* TASK:
From the material below, retype exactly the lines that begin at the line with "আমের পাতায় সাদা" and end after the line with "Collana Da Donna"; pictures stay out of the copy.

* SOURCE MATERIAL:
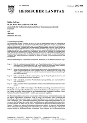 20. Wahlperiode Drucksache 20/3403 HESSISCHER LANDTAG 01. 10. 2020 Kleine Anfrage Dr. Dr. Rainer Rahn (AfD) vom 17.08.2020 Zentralstelle für Medizinwirtschaftsstrafrecht der Generalstaatsanwaltschaft Frankfurt und Antwort Ministerin der Justiz Vorbemerkung Fragesteller: Im Zusammenhang mit dem Verfahren, das am 23.07.2020 zur Inhaftierung des Leiters der Zentralstelle für Medizinwirtschaftsstrafrecht der Generalstaatsanwaltschaft Frankfurt geführt hatte, wurden aus dem Kreis be- troffener Mediziner und Krankenhausträger neue Vorwürfe geäußert. Danach seien teilweise Ermittlungsver- fahren bei geringfügigen Verstößen durch den beschuldigten Oberstaatsanwalt eingeleitet worden, obwohl die Sachverhalte keine hinreichenden Hinweise auf ein strafbares Verhalten zeigten. Ziel sei dabei nicht die Ein- leitung eines nach der StPO vorgesehenen Verfahrens gewesen, sondern ausschließlich die Generierung von Gewinnen durch die Auftragsvergabe an ein Unternehmen, das sich mit der Erstellung von Gutachten im Be- reich medizinischer Abrechnungen beschäftigt. Diese Gutachten seien in vielen Fällen mangelhaft oder un- brauchbar und überteuert gewesen. Die Ermittlungsverfahren endeten dann häufig mit einer Einstellung des Verfahrens, ggf. gegen Zahlung einer Geldauflage im Wege der Einigung zwischen Staatsanwaltschaft und Beschuldigtem. Diese Vorbemerkung des Fragestellers vorangestellt, beantworte ich die Kleine Anfrage wie folgt: Frage 1. Führt die Landesregierung eine Qualitäts- bzw. Plausibilitätskontrolle der Verfahren von Staatsan- waltschaften bzw. Staatsanwälten durch, z.B. durch Vergleich des prozentualen Anteils eingestell- ter Verfahren mit anderen Staatsanwaltschaften (ggf. auch länderübergreifend)? Frage 2. Nimmt die Landesregierung eine Überprüfung der durch einzelne Staatsanwaltschaften bzw. Staats- anwälte verursachten Kosten für externe Gutachten durch, z.B. durch Vergleich der Anzahl von in Auftrag gegebenen Gutachten und der dadurch verursachten mit anderen Staatsanwaltschaften (ggf. auch länderübergreifend)? Frage 3. Falls 1. und/oder 2. zutreffend: welche Ergebnisse zeigte die Überprüfung der durch den beschul- digten Oberstaatsanwalt getroffenen Maßnahmen? Frage 4. Falls 1. und/oder 2. unzutreffend: Plant die Landesregierung zukünftig, eine entsprechende Kon- trolle durchzuführen? Frage 5. Falls 4. zutreffend: welche organisatorischen und/oder gesetzlichen Änderungen sind hierzu erfor- derlich? Die Fragen 1, 2, 3, 4 und 5 werden aufgrund ihres Sachzusammenhangs zusammen beantwortet. Die Anzahl von eingestellten Verfahren der Staatsanwaltschaften werden anlassbezogen – zuletzt im Rahmen der großen Innenrevision bei der Staatsanwaltschaft Darmstadt (Zweigstelle Offen- bach) im November/Dezember 2019 – erhoben und hessenweit verglichen. Die Einstellungszahlen zwischen den verschiedenen Deliktsarten und Kriminalitätsbereichen sind nur äußerst eingeschränkt vergleichbar. Denn die Frage, ob hinsichtlich eines Verfahrens eine Einstellung in Betracht kommt, hängt von zahlreichen Faktoren (wie etwa der Schwere der Tat, dem Vorleben des Täters, insbesondere möglichen Vorstrafen und dem Nachtatverhalten des Tä- ters sowie den Tatfolgen) ab, welche sich je nach Deliktsarten und Kriminalitätsbereichen erheb- lich unterscheiden. So heben sich die von der Zentralstelle für Medizinwirtschaftsstrafrecht bear- beiteten Verfahren von anderen Ermittlungsverfahren etwa dadurch ab, dass die Beschuldigten (Ärzte und Zahnärzte) regelmäßig nicht vorbestraft waren. Viele der Fälle bewegen sich im eher unteren Bereich der deliktsspezifischen Kriminalität. Zum Zeitpunkt der Verfahrensabschlüsse Eingegangen am 1. Oktober 2020 · Bearbeitet am 1. Oktober 2020 · Ausgegeben am 5. Oktober 2020 Herstellung: Kanzlei des Hessischen Landtags · Postfach 3240 · 65022 Wiesbaden · www.Hessischer-Landtag.de
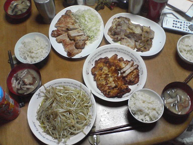 今日は豚肉を頂きます。フライパンにオリーブ油を入れ豚肉を焼きます。これはソテー風・・次は付けて焼くだけのカツの粉を使います。最後は薄肉・・・普通の焼き肉・・・フライパンを掃除し、モヤシを炒めます。オイスターソース、中華ダシなどで味付けして完成。豚肉も完成。味噌汁はシメジと茄子と油麩・・・今日もおいしく頂きました。
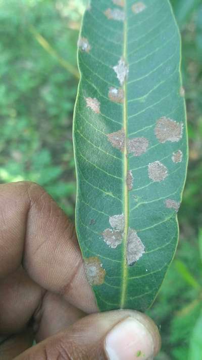 আমের পাতায় সাদা সাদা ছোপ। তারফলে পাতা হলুদ হয়ে যাচ্ছে।
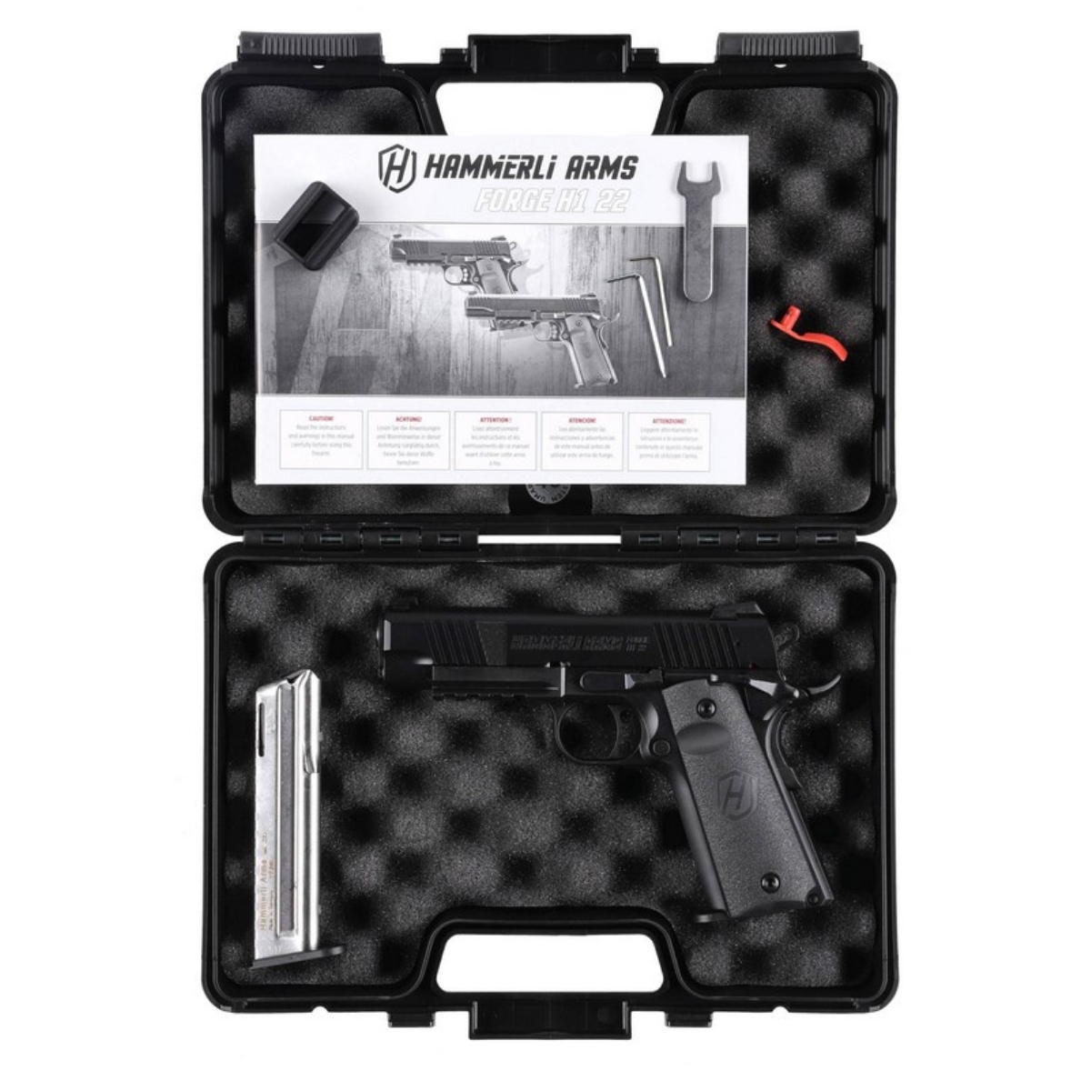 Pistolet Hammerli Arms Forge H1 to nowoczesna adaptacja legendarnego Colta 1911, dostosowana do amunicji bocznego zapłonu .22 LR. Jest to idealny wybór dla strzelców poszukujących niezawodnej i ekonomicznej broni do treningu oraz rekreacyjnego strzelania.
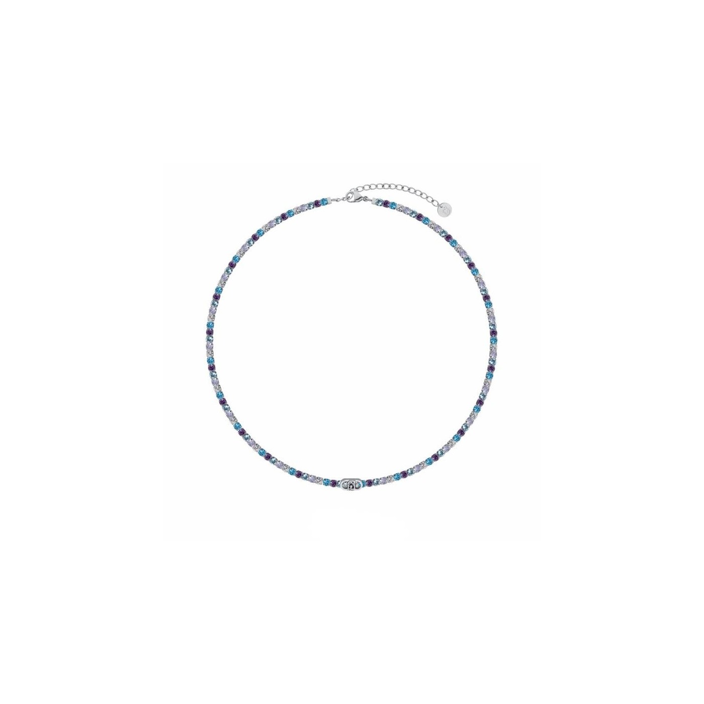 Collana Da Donna Di Liu Jo. Gioiello Realizzato In Acciaio, modello tennis con zirconi dalle varie sfumature di blu e glicine e con targhetta logata al centro.
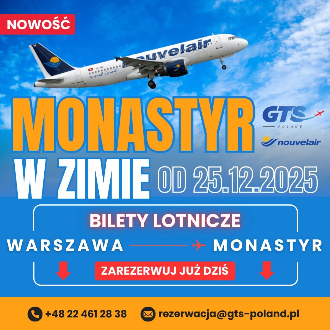 GTS Poland poszerza ofertę czarterów do Tunezji i od 25 grudnia 2025 roku uruchamia nowe zimowe połączenie z Warszawy do Monastyru. Nouvelair będzie obsługiwał bezpośrednie loty, które potrwają mniej niż trzy godziny.

* OUTPUT BELOW:
 আমের পাতায় সাদা সাদা ছোপ। তারফলে পাতা হলুদ হয়ে যাচ্ছে।
 Pistolet Hammerli Arms Forge H1 to nowoczesna adaptacja legendarnego Colta 1911, dostosowana do amunicji bocznego zapłonu .22 LR. Jest to idealny wybór dla strzelców poszukujących niezawodnej i ekonomicznej broni do treningu oraz rekreacyjnego strzelania.
 Collana Da Donna Di Liu Jo. Gioiello Realizzato In Acciaio, modello tennis con zirconi dalle varie sfumature di blu e glicine e con targhetta logata al centro.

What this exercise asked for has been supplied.